Abstract
Background: Pneumococcal conjugate vaccines (PCVs) prevent invasive pneumococcal disease and pneumonia. However, some low-and middle-income countries have yet to introduce PCV into their immunization programs due, in part, to lack of certainty about the potential impact. Assessing PCV benefits is challenging because specific data on pneumococcal disease are often lacking, and it can be difficult to separate the effects of factors other than the vaccine that could also affect pneumococcal disease rates. Methods: We assess PCV impact by combining Bayesian model averaging with change-point models to estimate the timing and magnitude of vaccine-associated changes, while controlling for seasonality and other covariates. We applied our approach to monthly time series of age-stratified hospitalizations related to pneumococcal infection in children younger 5 years of age in the United States, Brazil, and Chile.
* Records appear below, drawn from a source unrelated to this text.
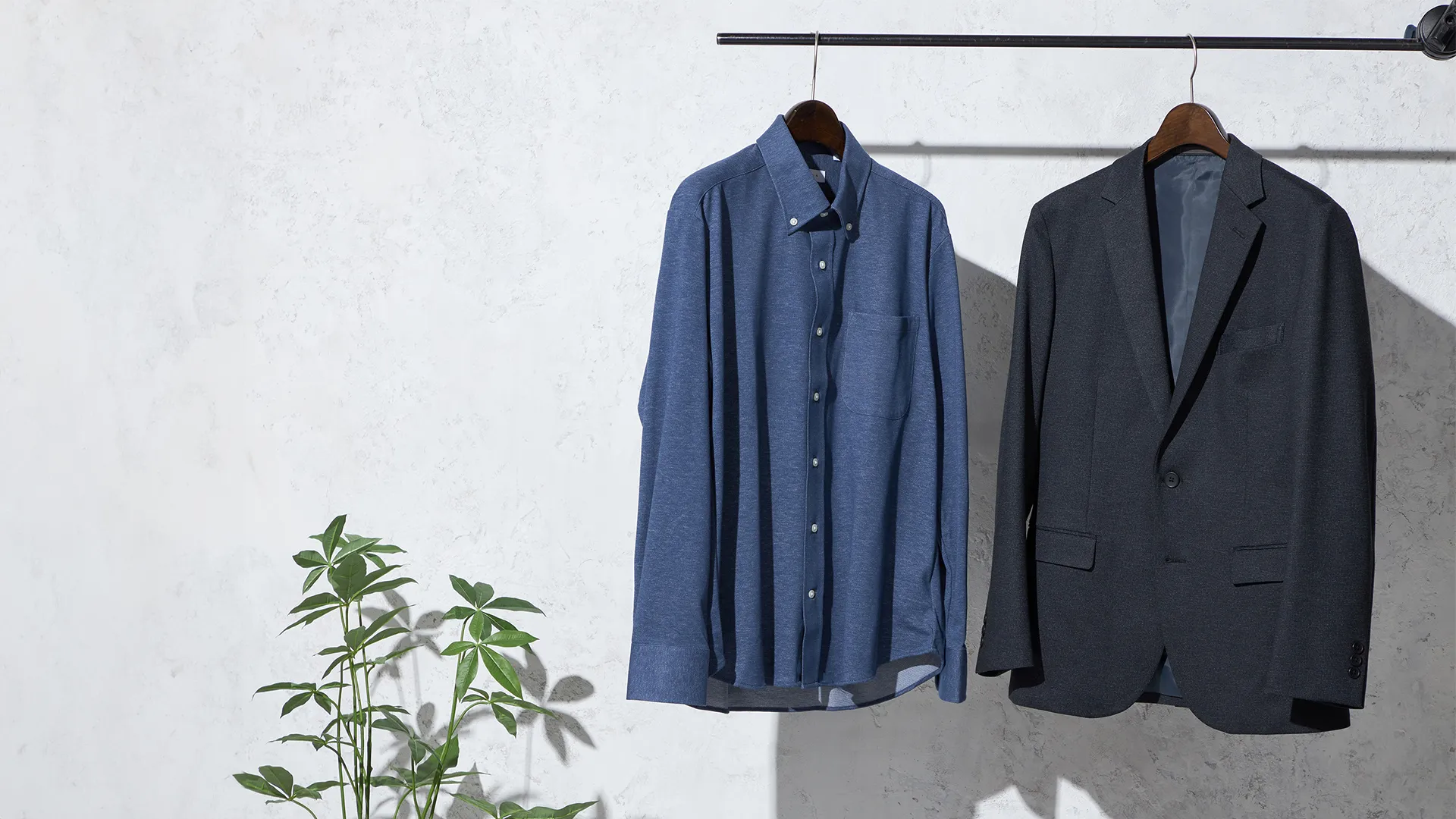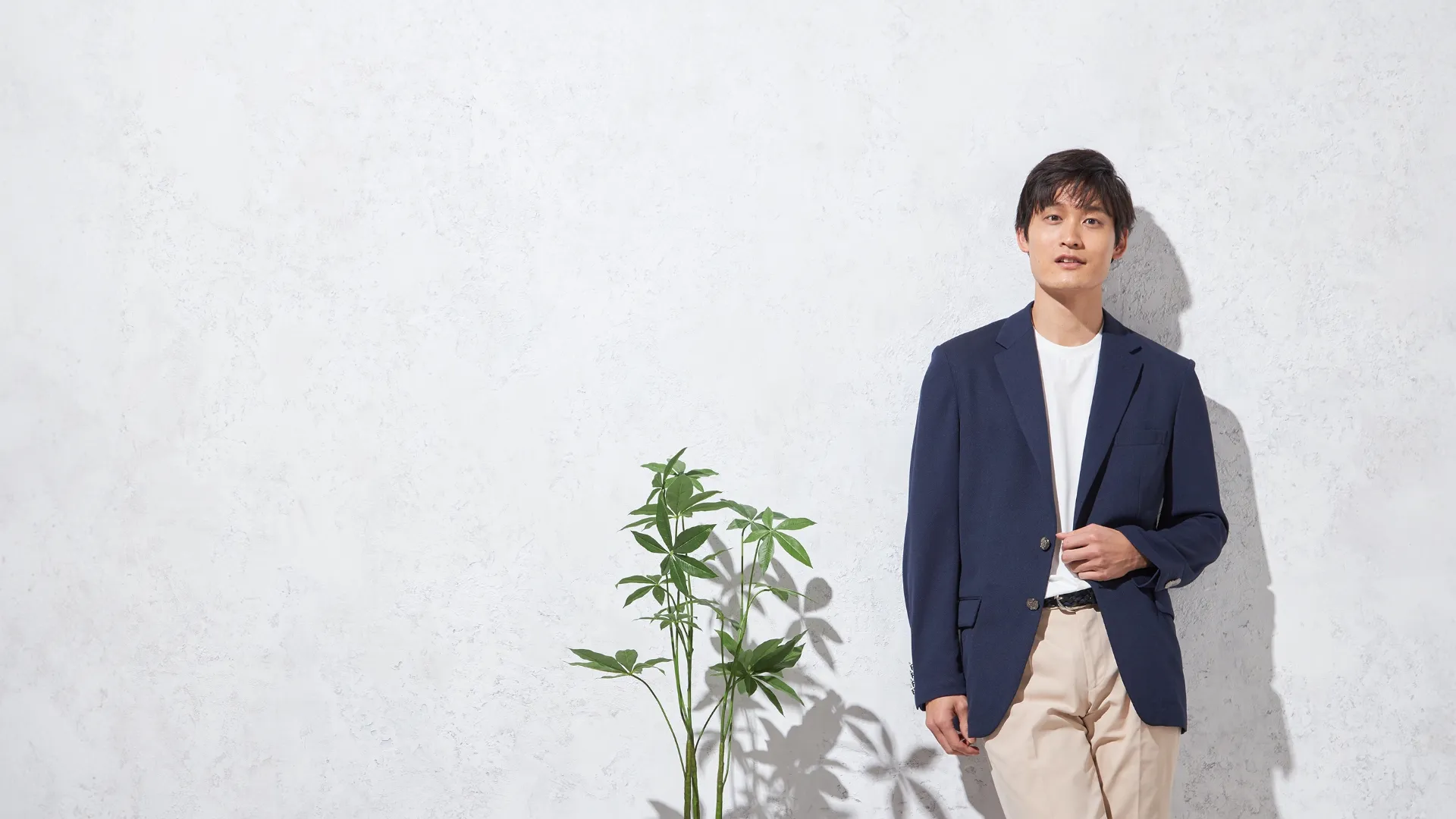 涼やかさと動きやすさを両立しつつ、ジャケットはやや細身に、パンツはすっきりとしたテーパードラインにすることで、モダンな着こなしを楽しめます。
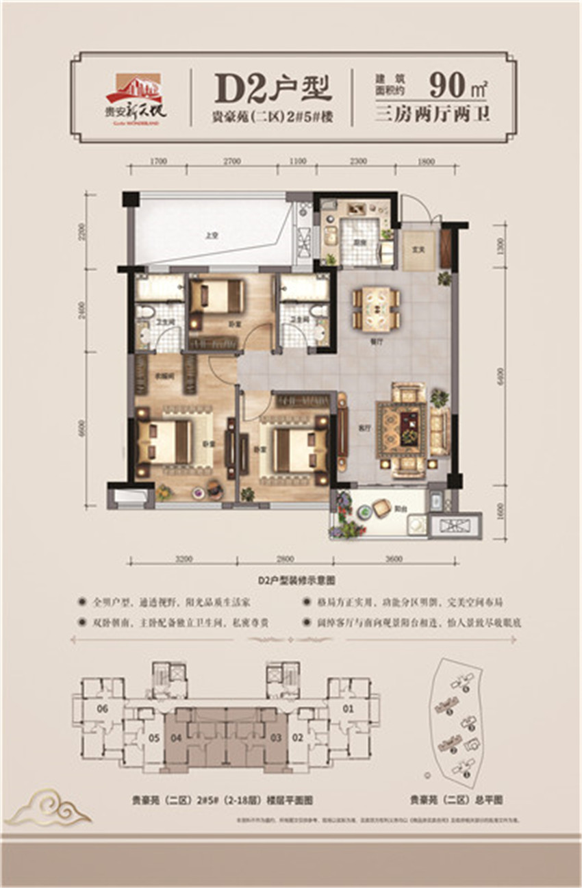3室2厅2卫-90㎡
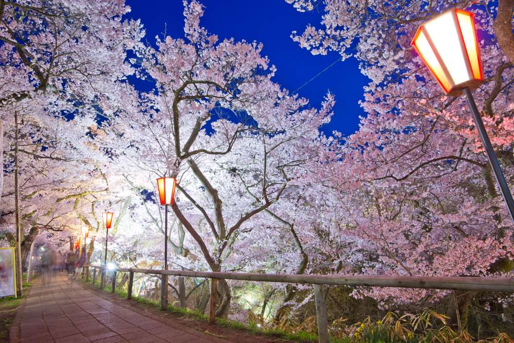 A sacred site for over 1,500 years, nestled in the prefecture of Nara, there are references to the beauty of Mount Yoshino since the 7th century. It is also known that several emperors and empress came regularly, and many poems and paintings refer to the place. And it is well deserved! The mountain is covered with sakura and its difference in height creates a shifted blossoming that allows the many visitors to enjoy the cherry blossoms for a longer period than the other places of Japan. No less than 30,000 cherry trees dot Yoshino with their beauty. In short, it is the perfect place for an ultimate Hanami!
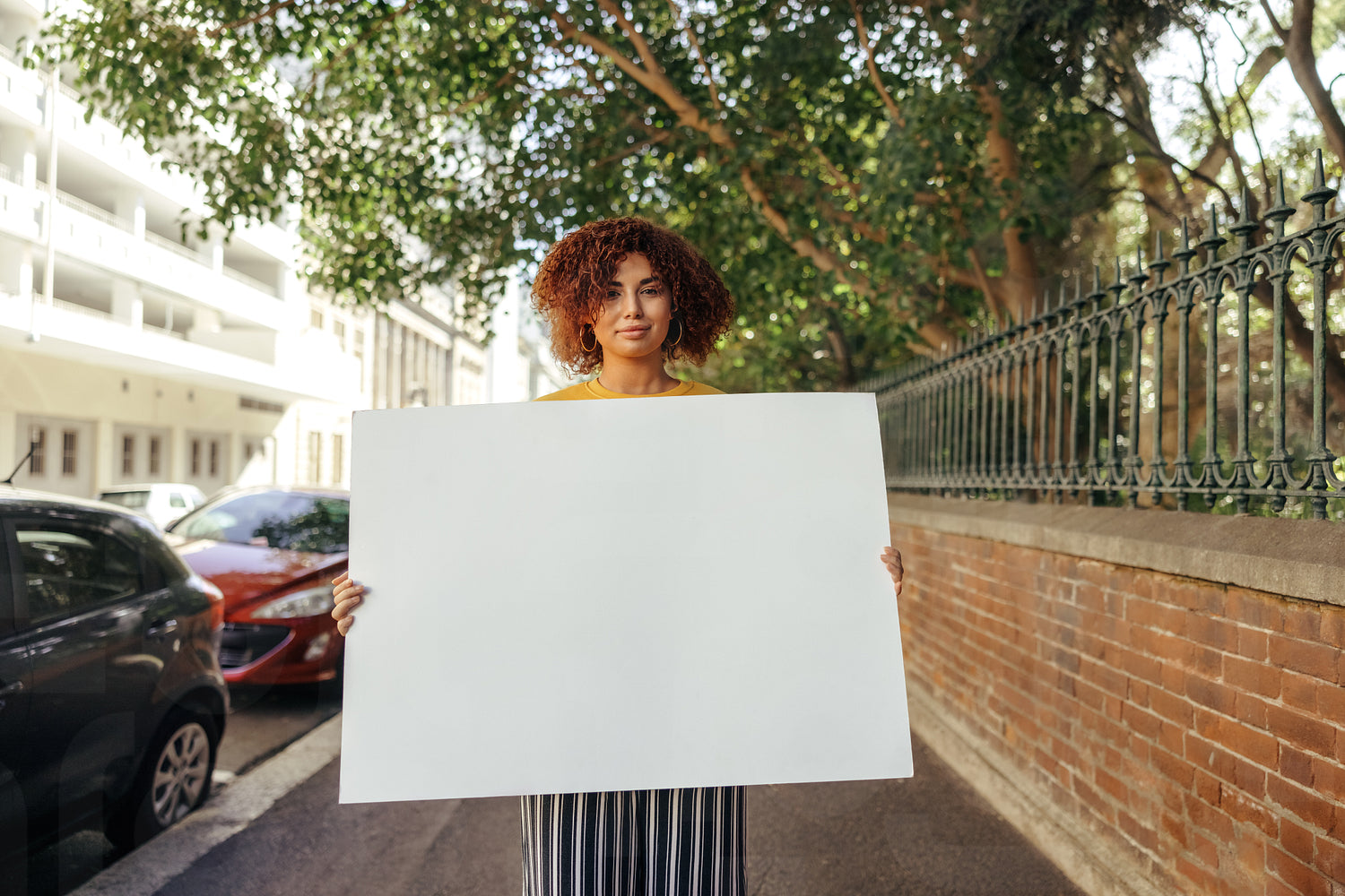 Confident teenage girl holding a blank white placard in the city. Young female activist displaying a banner while standing on an urban sidewalk. Assertive teenager looking at the camera.
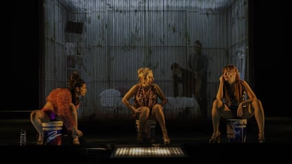 Madrid, fin de semana. Teatros con entrega absoluta y merecidísimos llenazos. Tres regalos, por ejemplo, en la calle del Príncipe y la plaza de Santa Ana. Reírse con Calderón como si fuera Goldoni y con ritmos italianos: La señora y la criada, dirigida por Del Arco en la Comedia. Que se te suba el corazón a la garganta con Atentado, de Félix Estaire (dirigida por Estaire y Xus de la Cruz), en la sala Xirgu. Y la sala grande del Español, llena hasta lo alto con Prostitución, a cargo de Andrés Lima y su equipo. Da gusto ver esos silencios conmovidos del público, y las descargas de humor feroz para liberarse un poco del peso del día a día de las prostitutas. En una obra como esta no puedes trabajar sin darlo todo. Y sus enormes actrices —Carmen Machi, Nathalie Poza, Carolina Yuste— parecen dejarse la piel a tiras. Si no existiera el término “cabaret documental” habría que inventarlo para esta función, donde conviven el escalofrío, la furia, la risa y la tristeza. Lima está más brechtiano que nunca, y eso para mí quiere decir auténtico: sea fábula o sea vida cotidiana, ha de llegarte y mostrar gente de verdad. Sus cofrades son Albert Boronat y Juan Cavestany, mezclando textos de Virginie Despentes y Amelia Tiganus con testimonios reales (Ana María, Isabella, Lucía, Alexia, Alicia) que los tres dramaturgos y las tres actrices han recabado durante más de un año.
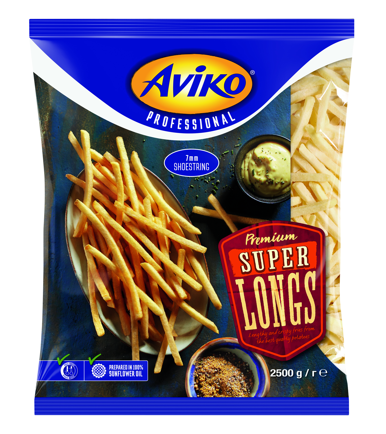 Patatine super lunghe, tagliate dritte e sottili 7 mm, prefritte e surgelate.
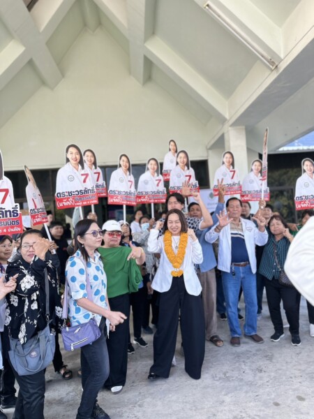 ภายหลังเสร็จสิ้นขั้นตอนการสมัคร บริเวณทางออกของโรงยิมเนเซี่ยมเต็มไปด้วยกลุ่มประชาชนและกองเชียร์ที่มารอให้กำลังใจอย่างเนืองแน่น เสียงเชียร์และรอยยิ้มสะท้อนบรรยากาศที่อบอุ่นและเป็นกันเอง หลายคนได้นำพวงมาลัยและช่อดอกไม้มามอบให้ เพื่อแสดงความยินดีและส่งพลังใจให้กับอดีต ส.ส.หญิงที่ยังคงยืนหยัดอยู่ในเส้นทางการเมืองอย่างมั่นคง
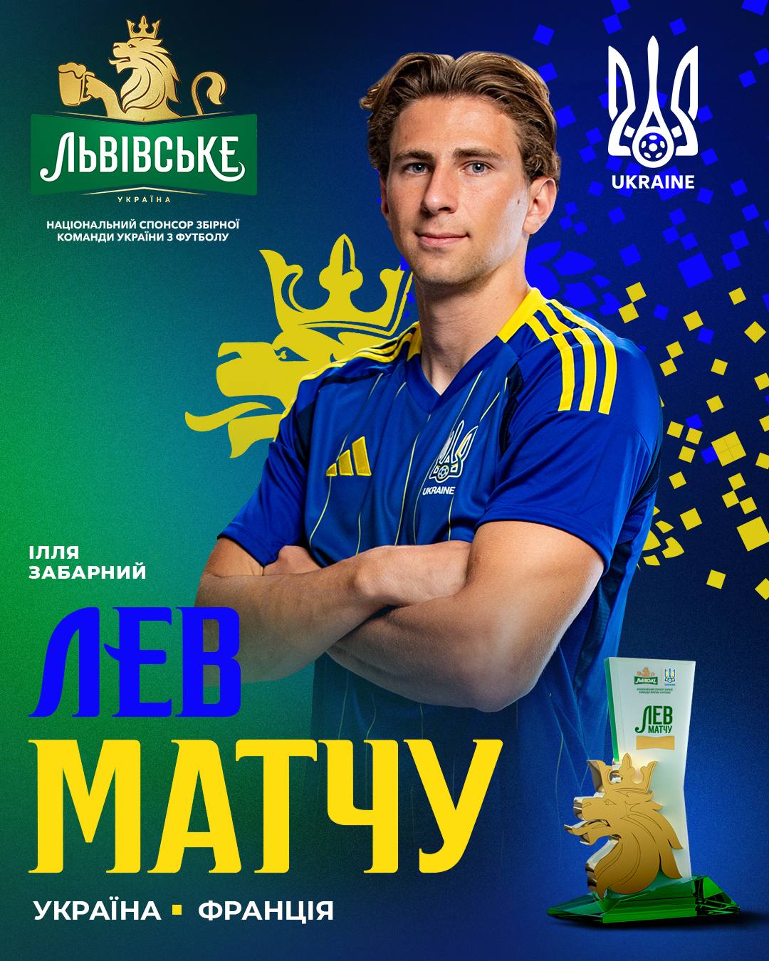Защитник сборной Украины Илья Забарный стал "Львом матча" в поединке против Франции.
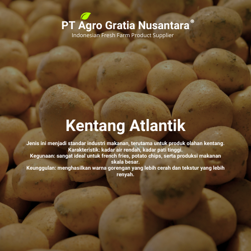 Butuh kentang segar dan berkualitas untuk kebutuhan rumah tangga atau bisnis kulinermu? PT AGRO GRATIA siap jadi partner kamu. Kami menyediakan kentang unggul — segar, bersih, dan terjamin distribusinya. Hubungi kami sekarang juga untuk pasokan kentang terbaik!”
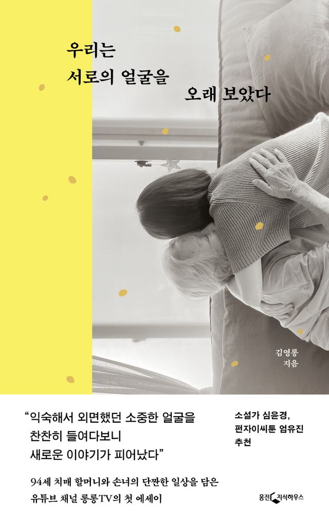 『우리는 서로의 얼굴을 오래 보았다』는 할머니의 치매를 돌보는, 쉽지 않은 매일의 일상 속에서 샅샅이 기쁨을 찾아낸 김영롱의 첫 에세이집이다. 14만 구독자를 보유한 유튜브 채널 ‘롱롱TV’의 유쾌하고 밝은 모습의 영상 너머 수차례 무너졌다 일어서기를 반복하며 할머니와 함께 찾아나선 행복의 여정이기도 한 이 책은 어두워져가던 가족의 얼굴이 어떤 계기로 밝아졌는지, 할머니가 세상과 다시 가까워지며 어떤 표정을 보였는지, 그 모든 과정을 거치며 서서히 깨닫게 된 것들에 대해 담백하고도 진솔하게 담아냈다.
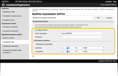 Se si cambia il [Nome stampante] specificato in precedenza, potrebbe non essere più possibile stampare dal Mac utilizzato per stampare fino a quel momento. Questo fenomeno si verifica perché viene cambiato automaticamente anche il [Nome mDNS] (Configurazione DNS) di IPv4. In questo caso, aggiungere nuovamente la macchina al Mac.
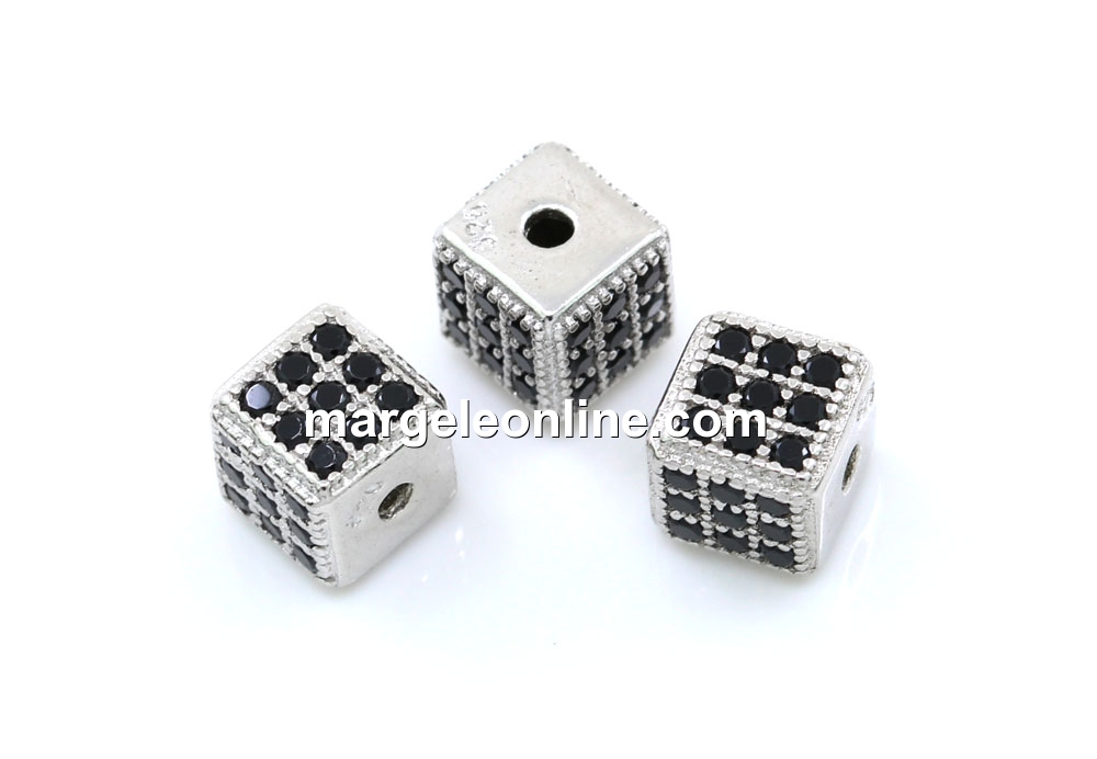 Margele decor cu cristale, forma: cub, material: argint 925 rodiat, marcat, dimensiune: 5.5mm si orificiu 1mm. Pretul se refera la 1 bucata.

Results: Our method accurately detected changes in data in which we knew true and noteworthy changes occurred, i.e., in simulated data and for invasive pneumococcal disease. Moreover, 24 months after the vaccine introduction, we detected reductions of 14%, 9%, and 9% in the United States, Brazil, and Chile, respectively, in all-cause pneumonia (ACP) hospitalizations for age group 0 to <1 years of age. Conclusions: Our approach provides a flexible and sensitive method to detect changes in disease incidence that occur after the introduction of a vaccine or other intervention, while avoiding biases that exist in current approaches to time-trend analyses.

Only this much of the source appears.